The Influence of Antarctic Open-Ocean Polynyas on the Abyssal Ocean

Abstract

In the mid-1970s, an enormous open-ocean polynya developed in the Weddell Sea. Since the Weddell Polynya's occurrence, no polynya of similar size or duration has been observed in the region. A polynya of this magnitude could significantly affect global abyssal ocean properties via increased Antarctic Bottom Water (AABW) formation and large Weddell Sea water mass property perturbations. However, the scarcity of 1970s Weddell Sea observations, coupled with the sparseness of abyssal ocean observations, make it difficult to study this phenomenon's oceanic impact without models. This dissertation examines the influence of Weddell Polynyas on abyssal ocean water mass properties and circulation using the GFDL CM2G coupled climate model.

Abyssal ocean temperature, salinity, and water mass changes resulting from Weddell Polynyas are quantified in CM2G and compared to observations. The model polynyas initially cool the abyssal Southern Ocean and South Atlantic, but 2-3 decades after polynya cessation the same regions warm as they relax toward their mean state. Composites of multiple, spontaneously-occurring polynyas in CM2G reveal that up to 10% of recently observed warming in the abyssal Southern Ocean could be the result of the 1970s Weddell Polynya recovery.

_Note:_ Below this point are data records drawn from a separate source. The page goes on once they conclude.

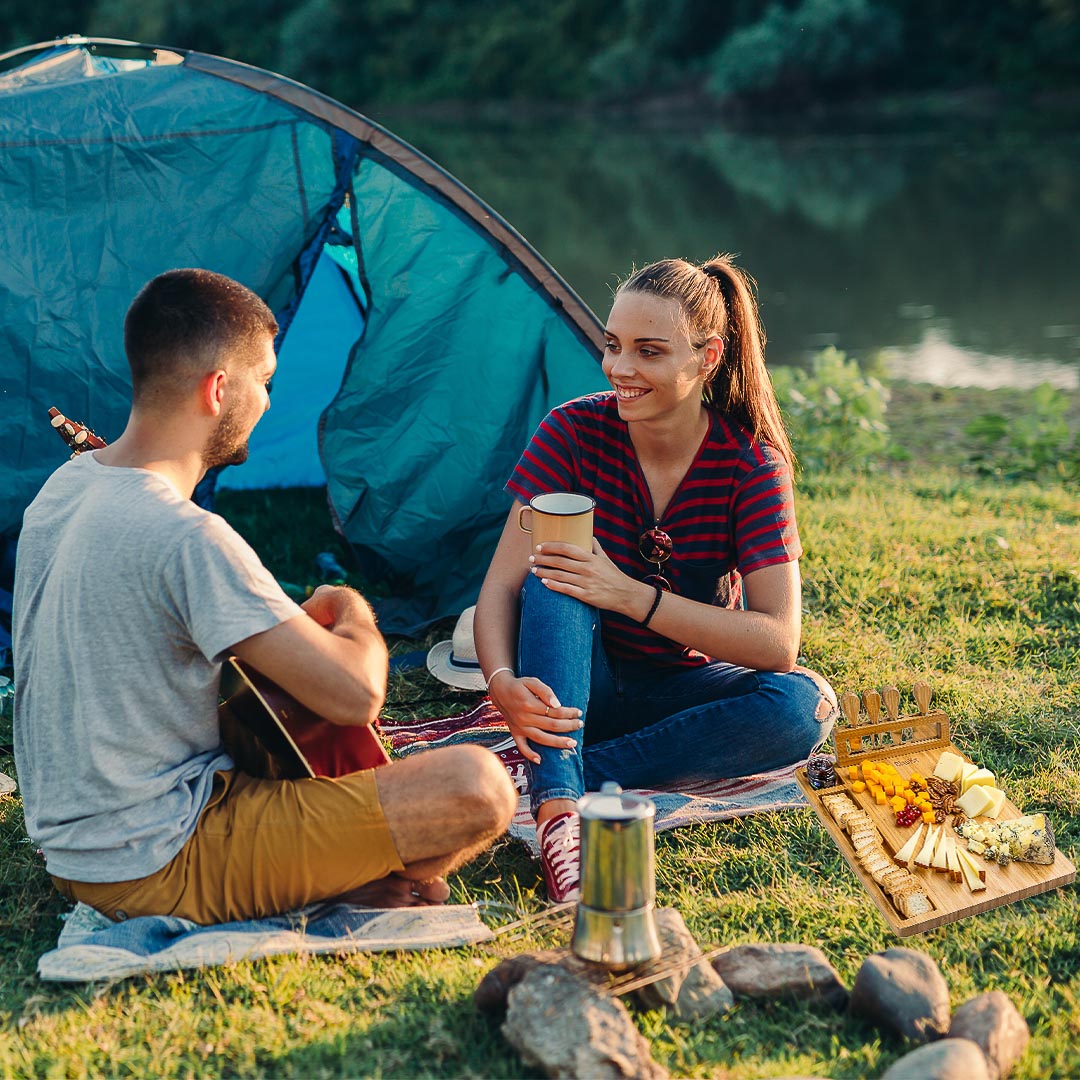 Wer sagt, dass Camping nicht stilvoll sein kann? Dies ist das perfekte Picknick-Set. Genießen Sie die einfachen Genüsse von Käse und Wurstwaren, während Sie die Schönheit der Natur genießen
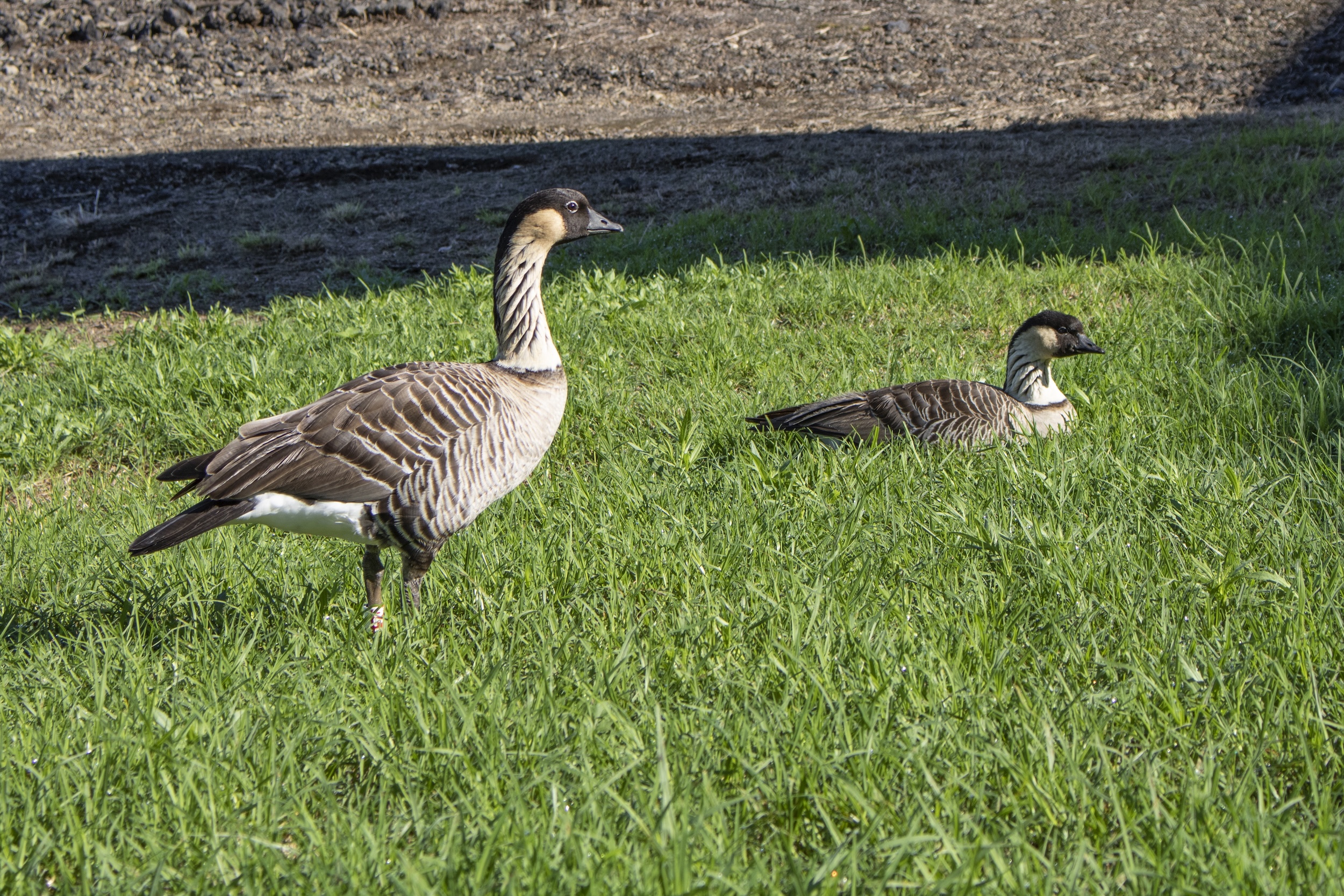 Historically, at least five species of geese occurred in Hawai‘i. Today, only the nēnē, or Hawaiian goose, survives. Adults are mostly dark brown or sepia with a black face and crown, cream-colored cheeks, and a pale yellow-to-white neck with black streaks. Females are smaller than males. Compared to other geese, nēnē are more terrestrial and have longer legs and less webbing between their toes, which likely facilitates walking on hardened lava.
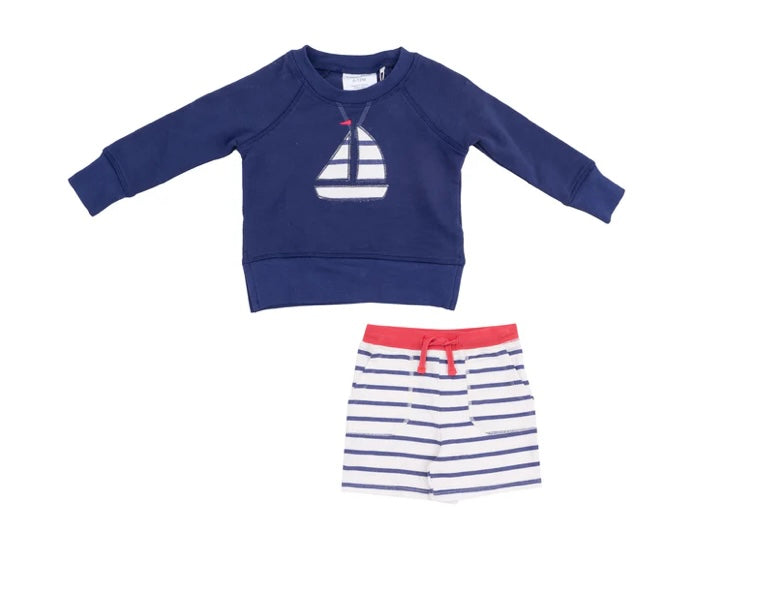 Angel Dear Sailboat French Terry 2T Raglan Sweatshirt w/Applique and Short
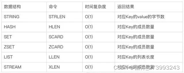 - Redis对于不同的数据结构提供了不同的命令来返回其长度或成员数量,如下图
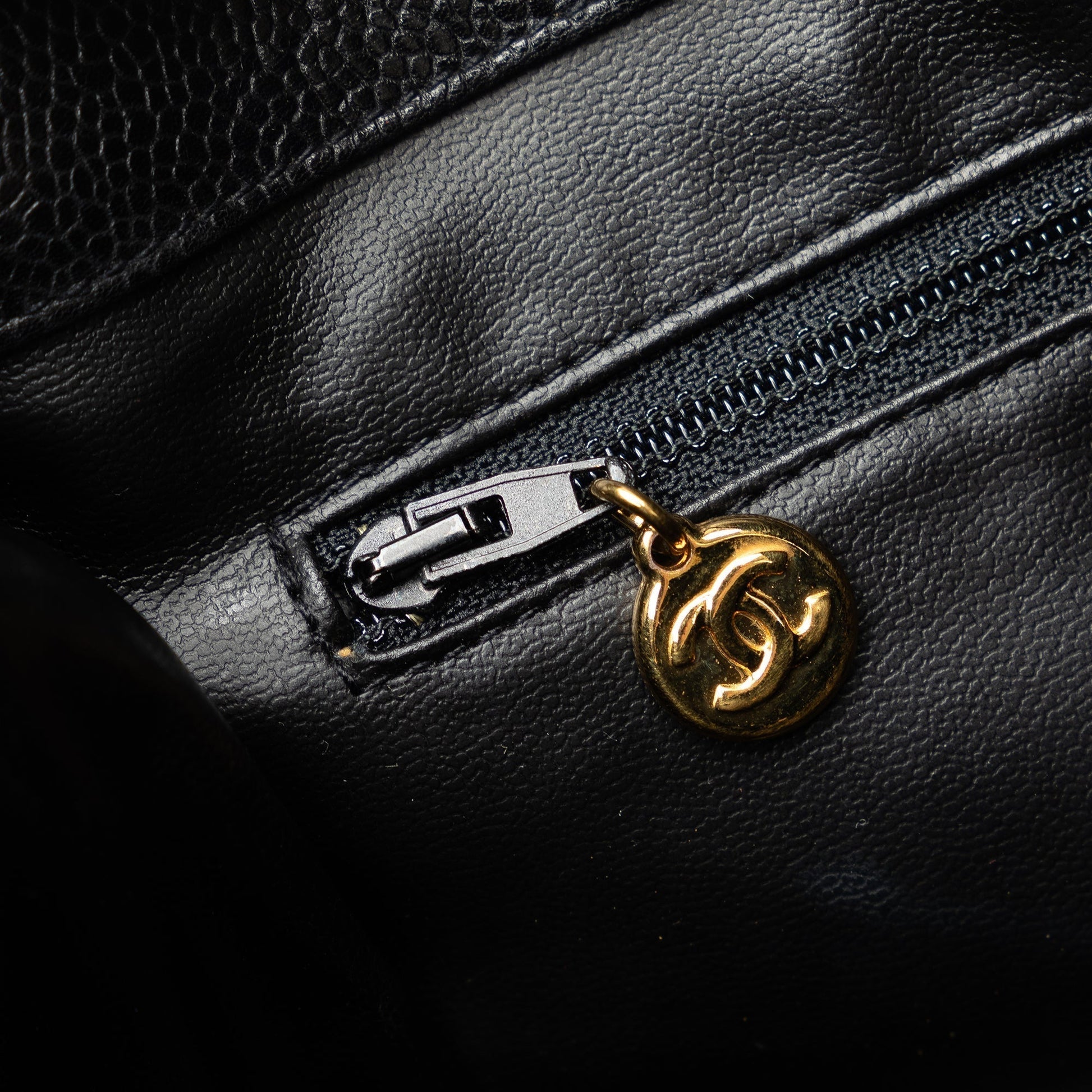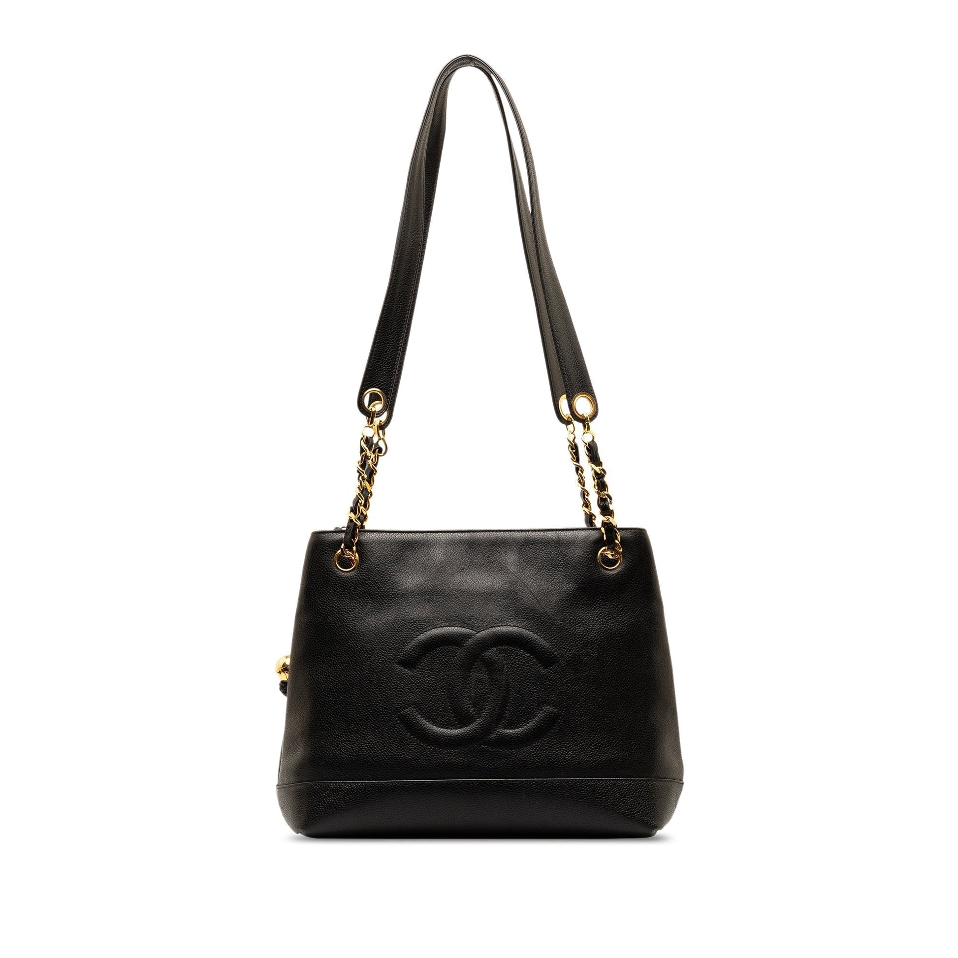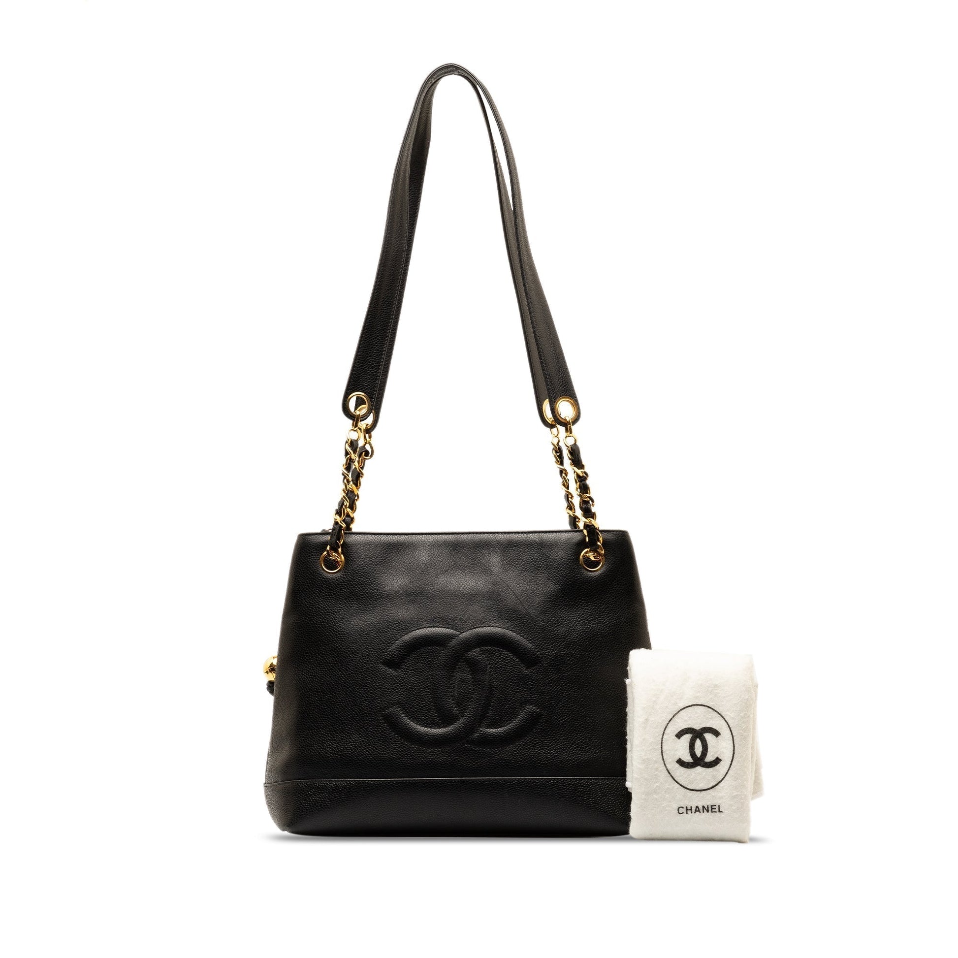 This Tote Bag features a caviar leather body, flat straps with gold-tone chain details, a top zip closure, exterior slip pockets, and an interior zip pocket. Comes with dust Bag
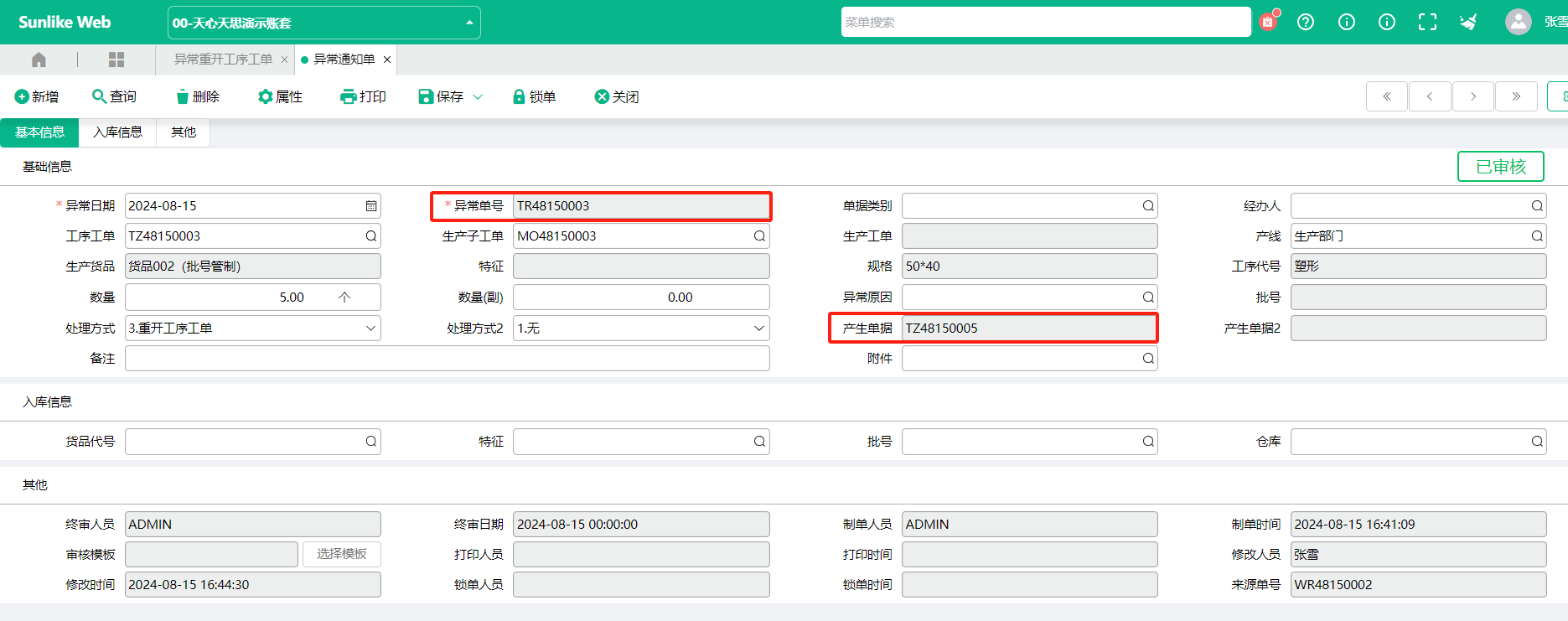 - 来源单回写:将生成的工序工单单号回写到异常通知单对应的“产生单据”或“产生单据2”栏位
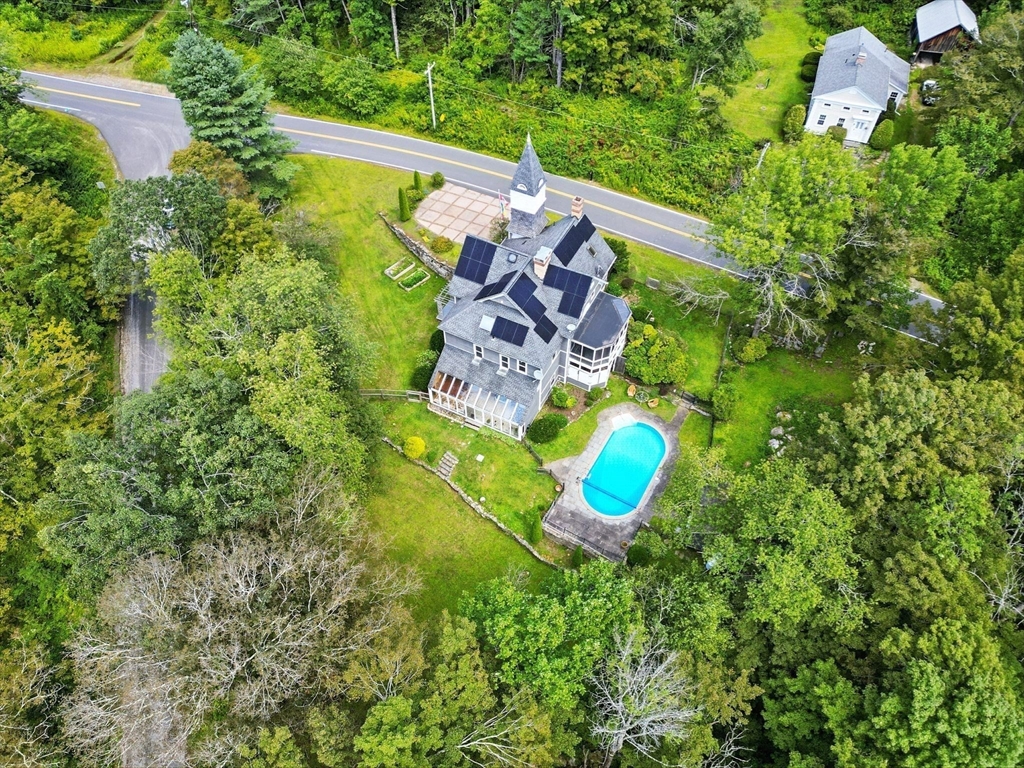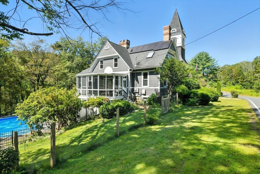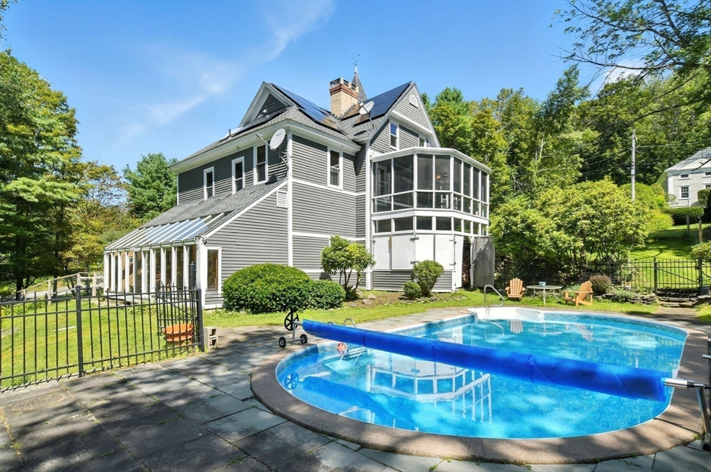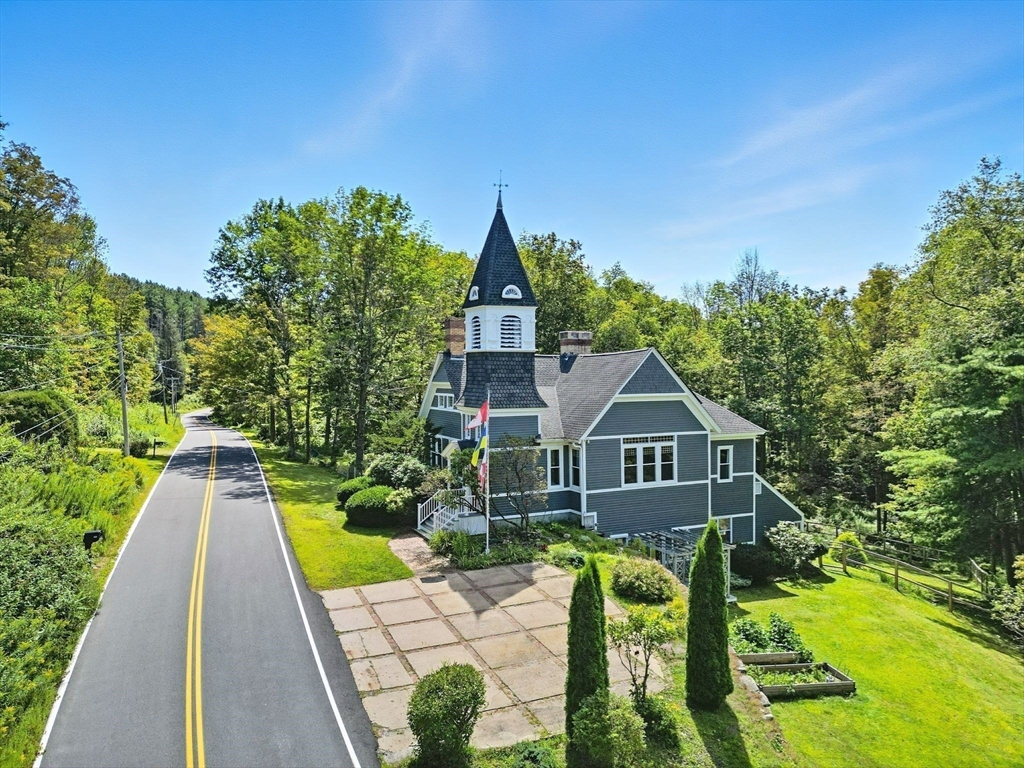 Step inside this stunning transformation of a historic church into a one-of-a-kind 3-bed, 3-bath home blending character and comfort. The original steeple serves as a striking centerpiece, cathedral ceilings, original stained-glass windows, and local fieldstone fireplaces on all three levels add timeless charm. Enjoy an open floor plan, screened-in porch, and a sun-filled solarium with hot tub that opens to a fenced yard. Each floor features a private bedroom and full bath, offering ideal flexibility. The lower level includes a separate entrance, kitchenette, and living space—perfect for an in-law or guest suite. Outside, unwind by the heated in-ground pool in your private backyard retreat. Truly a unique opportunity to own a piece of history with modern luxury. See feature sheet and improvement sheet attached.

Weddell Polynya transport mechanisms are also investigated. Polynya signal transport is governed by two processes acting on different timescales and spreading at different rates: 1) topographic and planetary waves that act on interannual-to-decadal timescales, and 2) advection that acts on decadal-to-centennial timescales. Both mechanisms generate property changes on isobaths. Despite different spreading rates, the advective and wave signals act contemporaneously in many Southern Hemisphere abyssal basins. The combined effect and relative magnitude of the two signals dictates the prevailing property changes.

During Weddell Polynyas, vigorous exchange occurs between the surface and deep waters, resulting in increased abyssal ventilation. In climate models, ideal age tracer is often used to investigate oceanic ventilation. This tracer suffers from several flaws that detract from its suitability as a ventilation diagnostic. We develop a new tracer, λ-age, that rectifies some of ideal age's problematic aspects and examine its utility in an offline tracer model.